Der Bw ist daher die Übertretung der gegenständlichen Verwaltungsvorschrift auch in subjektiver Hinsicht zuzurechnen und ist ihr fahrlässiges Verhalten anzulasten.

 

6. Gemäß § 19 Abs.1 VStG ist Grundlage für die Bemessung der Strafe stets das Ausmaß der mit der Tat verbundenen Schädigung oder Gefährdung derjenigen Interessen, deren Schutz die Strafdrohung dient, und der Umstand, inwieweit die Tat sonst nachteilige Folgen nach sich gezogen hat.

 

Nach § 19 Abs.2 VStG sind im ordentlichen Verfahren überdies die nach dem Zweck der Strafdrohung in Betracht kommenden Erschwerungs- und Milderungsgründe, soweit sie nicht schon die Strafdrohung bestimmen, gegeneinander abzuwägen. Auf das Ausmaß des Verschuldens ist besonders Bedacht zu nehmen. Unter Berücksichtigung der Eigenart des Verwaltungsstrafrechtes sind die Bestimmungen der §§ 32 bis 35 des Strafgesetzbuches sinngemäß anzuwenden. Die Einkommens- und Vermögensverhältnisse und allfällige Sorgepflichten des Beschuldigten sind bei der Bemessung von Geldstrafen zu berücksichtigen.

 

Laut ständiger Rechtsprechung des Verwaltungsgerichtshofes handelt es sich bei der Strafzumessung innerhalb eines gesetzlichen Strafrahmens um eine Ermessensentscheidung, die nach den Kriterien des § 19 VStG vorzunehmen ist. Die maßgebenden Umstände und Erwägungen für diese Ermessensabwägung sind in der Begründung des Bescheides so weit aufzuzeigen, als dies für die Rechtsverfolgung durch die Parteien des Verwaltungsstrafverfahrens und für die Nachprüfbarkeit des Ermessensaktes erforderlich ist. § 19 Abs.1 VStG enthält somit jene objektiven Kriterien, die Grundlage für jede Strafbemessung sind.
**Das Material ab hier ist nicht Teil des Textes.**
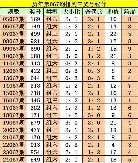排列三第2024067期奖号:549,和值18,跨度5,大小比2:1,奇偶比2:1。
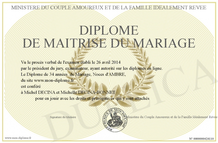 Envoyez par email votre Diplôme de Maitrise du Mariage personalisé
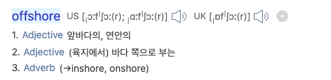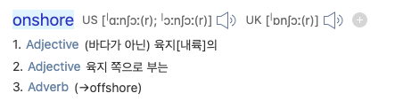 온쇼어와 오프쇼어의 의미는 육지와 연안을 뜻한다는 것을 알았다.
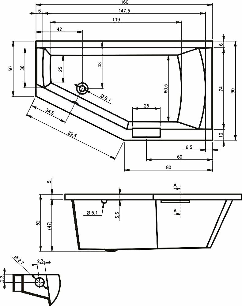| Диаметр выпуска (отверстия для слива) | 51 |

Darüber hinaus normiert Abs.2 für das ordentliche Verfahren eine Reihe weiterer subjektiver Umstände.

 

Zur Strafbemessung ist anzuführen, dass – wie von der belangten Behörde zutreffend ausgeführt – der Bw zum Tatzeitpunkt bereits zwei rechtskräftige Übertretungen des ASVG zur Last gelegt wurden, weshalb der erhöhte Strafrahmen des § 111 Abs.2 ASVG zur Anwendung gelangt. Im Hinblick auf die bereits vorliegenden einschlägigen Vorstrafen wäre es auch grundsätzlich gerechtfertigt, über die Bw eine erheblich über der Mindeststrafe liegende Geldstrafe zu verhängen, da sie offenbar der Einhaltung der Verwaltungsvorschriften bei der Ausübung ihres Gewerbes nicht die ausreichende Aufmerksamkeit einräumt. Jedoch konnte die Bw im Verfahren glaubwürdig darlegen, dass der gegenständliche Einsatz eines nicht zur Sozialversicherung gemeldeten Dienstnehmers nicht vorsätzlich und nicht im Rahmen des allgemeinen Betriebsablaufes, sondern nur kurzfristig aufgrund der unerwarteten Erkrankung eines Mitarbeiters erfolgte, weshalb nach Ansicht der erkennenden Kammer des Unabhängigen Verwaltungssenates im Hinblick auf die besonderen Tatumstände im gegenständlichen Verfahren mit der Verhängung der Mindeststrafe das Auslangen gefunden werden kann. Gleichzeitig wird die Bw jedoch darauf aufmerksam gemacht, dass bei künftigen Übertretungen mit empfindlich höheren Strafen zu rechnen ist.

 

Ein Überwiegen der Milderungsgründe über die Erschwerungsgründe konnte, insbesondere im Hinblick auf die zahlreichen der Bw bereits anzulastenden Verwaltungsvorstrafen im Zusammenhang mit der Ausübung ihres Gewerbes, nicht festgestellt werden, weshalb eine Anwendung des § 20 VStG ebenso wie ein Vorgehen nach § 21 VStG ausscheidet, zumal die dafür erforderlichen kumulativen Voraussetzungen nicht vorlagen. Für den Unrechtsgehalt, einen Dienstnehmer – wenn auch fahrlässig – nicht vor Arbeitsantritt beim zuständigen Versicherungsträger gemeldet zu haben, kommt es nicht darauf an, ob das Beschäftigungsverhältnis in der Folge auch längerfristig fortgesetzt wird (VwGH vom 27. April 2011, Zl. 2010/08/0106).

 

Es war daher spruchgemäß zu entscheiden.

 

Rechtsmittelbelehrung:

Gegen  diesen Bescheid ist kein ordentliches Rechtsmittel zulässig.

 

Hinweis:

Gegen diesen Bescheid kann innerhalb von sechs Wochen ab seiner Zustellung Beschwerde an den Verfassungsgerichtshof und/oder an den Verwaltungsgerichtshof erhoben werden; diese muss - von gesetzlichen Ausnahmen abgesehen - jeweils von einer bevollmächtigten Rechtsanwältin oder einem bevollmächtigten Rechtsanwalt eingebracht werden. Für jede dieser Beschwerden ist eine Eingabegebühr von 220 Euro zu entrichten.